What if we said that wine pairing is nonsense, and tasting menu are for culinary parvenus?
Thesis: It is time we bring back the customer as a central piece of the restaurant architecture.
Corollary: let’s start killing the wine pairing first.
Let me put it very clearly: I hate, despise, loathe wine pairings. I find it preposterous and abominable that someone tells me what I should drink.
But then again, I always twitch a bit in revolt at tasting menus, as I would really prefer choosing.
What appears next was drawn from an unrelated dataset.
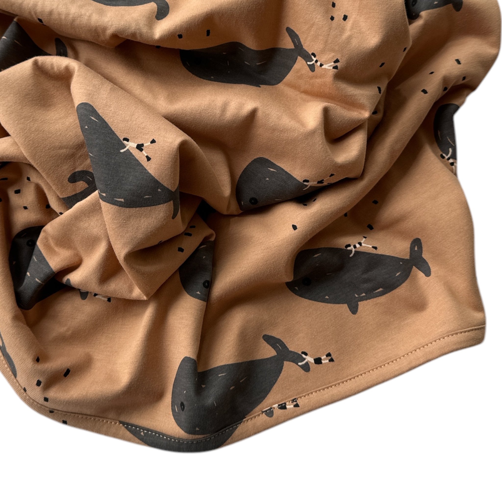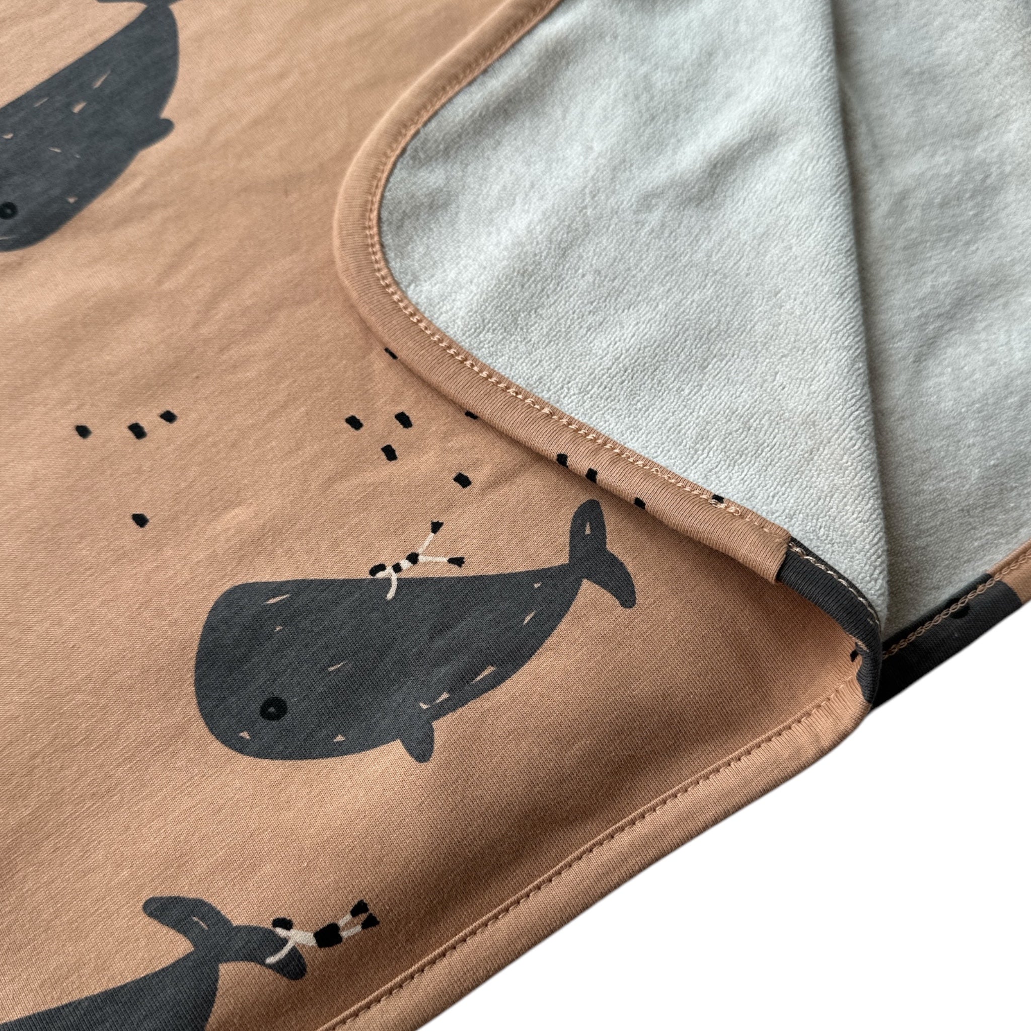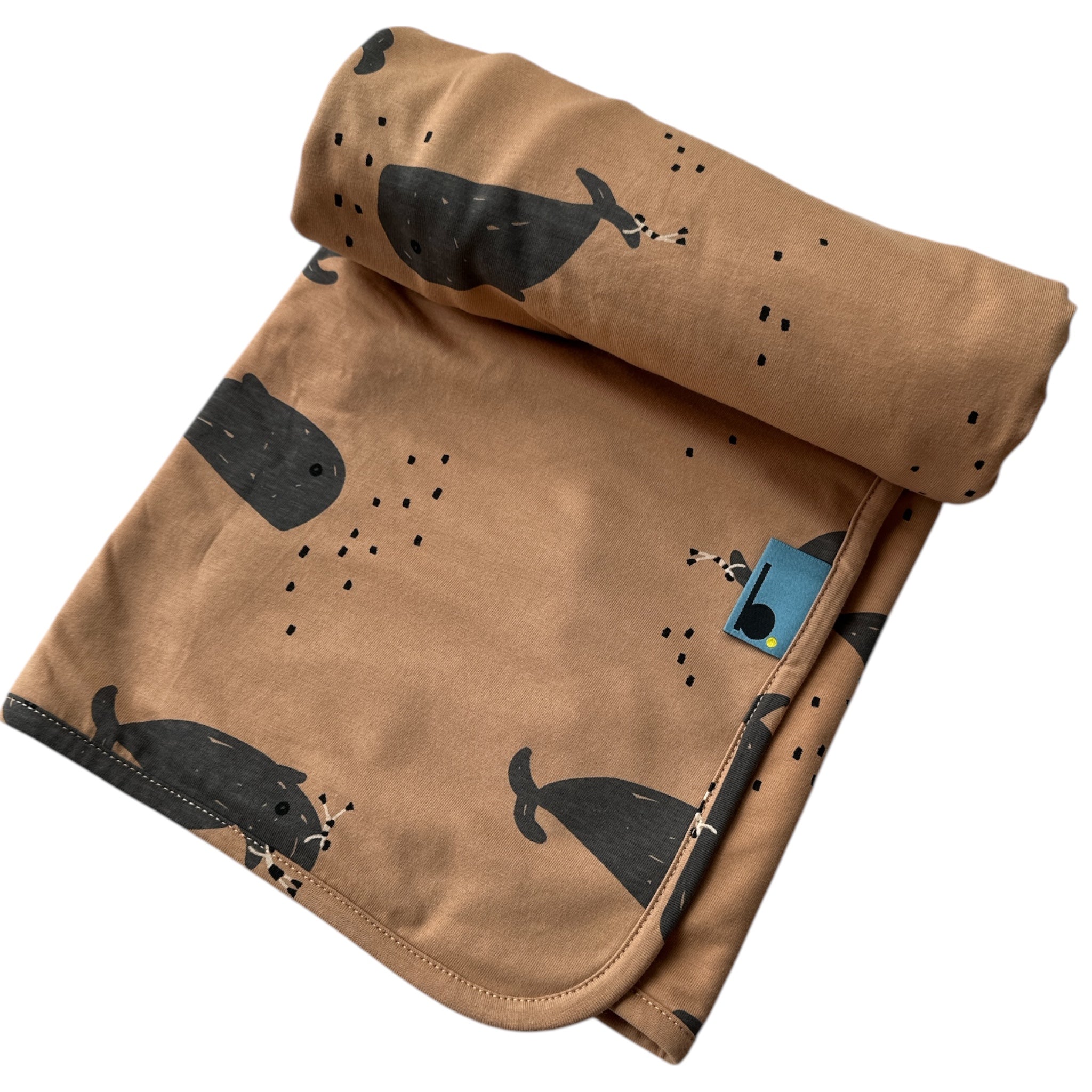 This 100% organic cotton knitted blanket features a brown background with a cute whale and diving pattern print. It's soft, luxurious, and perfect for wrapping your baby in comfort. Made from natural, pure, and eco-friendly materials, it’s lightweight and cozy, offering all-season comfort. Free from chemicals and toxins, this non-toxic blanket is gentle on your baby’s skin and kind to the environment.

Just let me order whatever the hell I fancy on that day, will you?
Alas, not possible in this time and age.
Tasting menus are not only a way for the chef to boost their ego, but sadly are a way to contain costs in an increasingly expensive cost-structure.
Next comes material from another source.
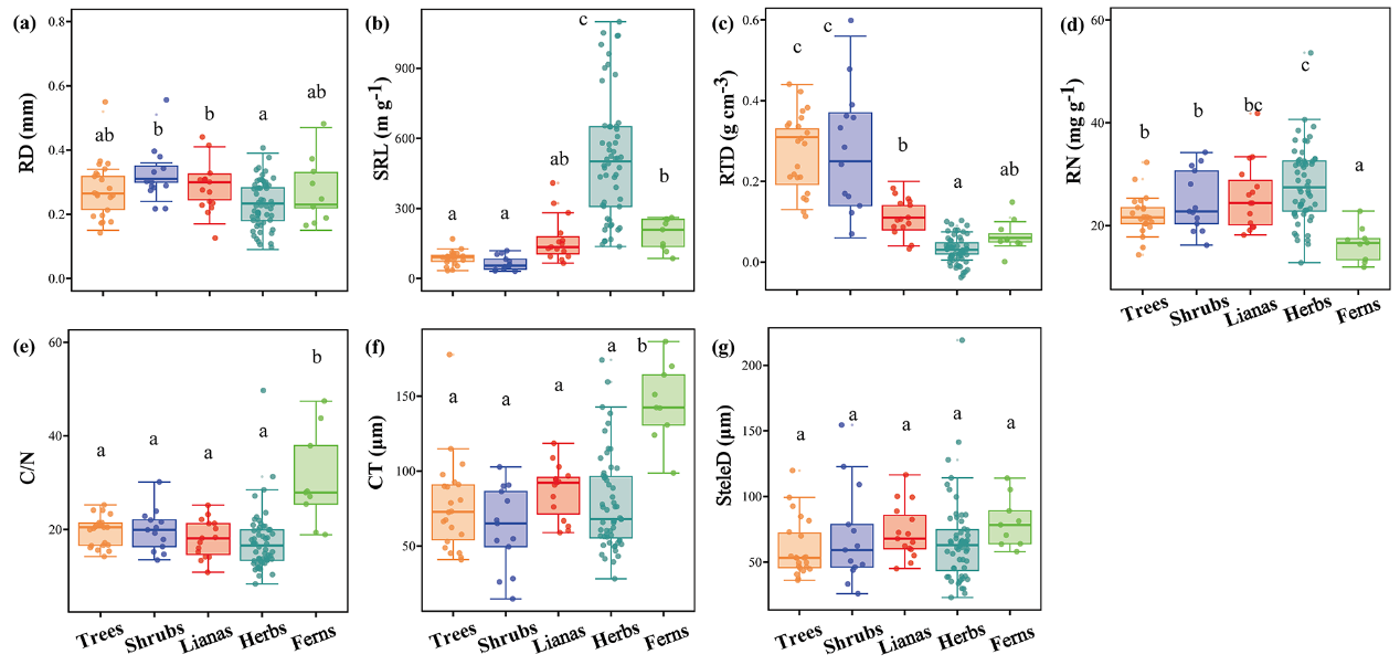 细根作为树木关键的养分吸收器官,其生理生态策略对林木生长和森林生态系统生产力至关重要。一个典型森林群落通常由乔木、灌木、草本等多种生活型植物构成,其长期共存策略与地上地下资源获取策略在不同生活型之间产生的巨大差异密不可分。然而,现有研究主要围绕树木地上部分,对根系功能性状及资源获取策略在多种生活型之间的差异缺少深入研究。

But whilst I abide and feel curiosity for the Chef’s interpretation of What I Should Eat (aka a tasting menu) once or twice if ever, I always prefer to order à la carte; and if I am given the possibility, I find it very preposterous that a sommelier tells me what to drink when.
Sometimes I might be in an exploratory mood, all right. But most of the time, I just want to drink what I like. More: I don’t mind drinking my favorites over and over again.
And then THAT.
Because I say so.
No, thank you.
Whilst once upon a time the Sommeliers were having mad fun filling up their restaurant cellars with wines in tune with the restaurant, now they are asked to be creative and shape or form a wine list to pair with a food list.
Exposed to the whims of the chefs and asked to do something that probably only a handful of people on earth can really master: the art of knowing the best wine for the best plate at the best moment.
As if this was not cruel enough, we customers are asked to just take a sip of something and then move on to the next plate with the next wine.
If I can barely (and increasingly less) tolerate the mini portions of a tasting menu, I cannot tolerate the one-sip-glass of a wine pairing menu.
A wine that was bottled and harvested and pressed and aged in some estate far, far away. A wine that exists independently and in spite of any possible plate.
A wine that I for once would like to enjoy in full, from opening to the last drop.
I find this dictatorship of imposed pairings everything but elegant.
A wine pairing done right. Well, we chose two wines we liked,
from a very interesting cellar. Fortaleza do Guincho, July 2023.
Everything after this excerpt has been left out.